Some might think that this was bad advice, but this is actually the best piece of wisdom I have come across when it comes to chronic heel pain. There are a lot of things I should have done early on to avoid this injury to be prevalent. I didn't. Now, all I can do is deal with the fact that surgery, as a last resort, wouldn't even be a guarantee to get rid of the pain. Just a guarantee of weakening the tendon and the insertion, which increases the risk of tears or even ruptures in the future.
So I ran on. I started slow, and increased with minor steps. Pain was there, but I never ran so that the pain got worse. I had a few weeks of devoting some time to eccentric heel raises and heavy, slow strength training, but after a few weeks, that type of training ebbed away.
Cut to 2021. In June, I ran an intense orienteering interval session after a week of hard running and a distance training with zero drop-shoes. The day after, the back of my left heel was seriously sore. I didn't rest though, because there was a training session on a map that I didn't want to pass on. Then I wanted to attend a training weekend in Ärla. Then I wanted to run the World Cup test races and have a training week in Idre. And then I wanted to run this and then that, and when it actually came to the most important competition of the year, the Jukola relay, my left heel was so sore that I needed to avoid wearing shoes.
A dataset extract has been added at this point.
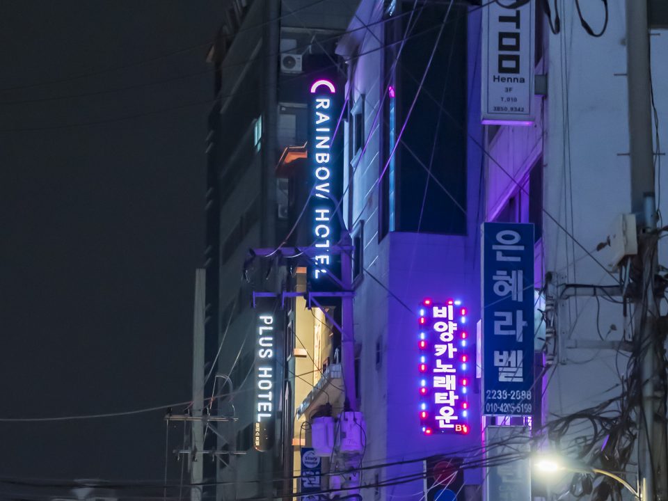韓国ソウルの繁華街にはたくさんのモーテルがあります。「motel」や「hotel」と記載された看板を探しましょう。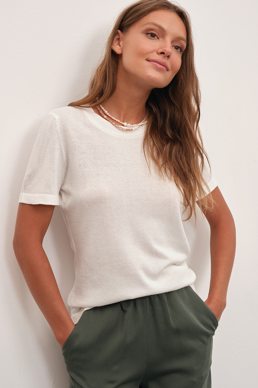 Polo Yakalı Organik Cotton Kroşe Triko T-shirt

I managed to run the Jukola relay, and after that I didn't run for three weeks because I had ignored the pain for too long. Pain that got worse after each training session. Now, I'm trying to be more systematic in my progress to come back to running. I don't believe in staying off running for too long, simply because you need to load the tendon so that it doesn't get weaker. And what better way to load it than running? I keep it short, not more than 5K, and I only run every other day because I also do a lot of strength training at the moment, focusing on the calf area. One big change from earlier is that I do them flat on the floor and not in stairs, to avoid a sharp angle for the heel. I believe that this time, my injury has come from the bursa getting too much pressure, so I want to allow some relief in that area for a while.
I don't know why, but for some reason I wanted to write this blog post in English. I feel like there are more people who understand this problem in English speaking areas. When I have searched for other athletes' experiences it has been easier to find in English. If you have similar problems, or maybe even some input that I haven't thought about, feel free to comment.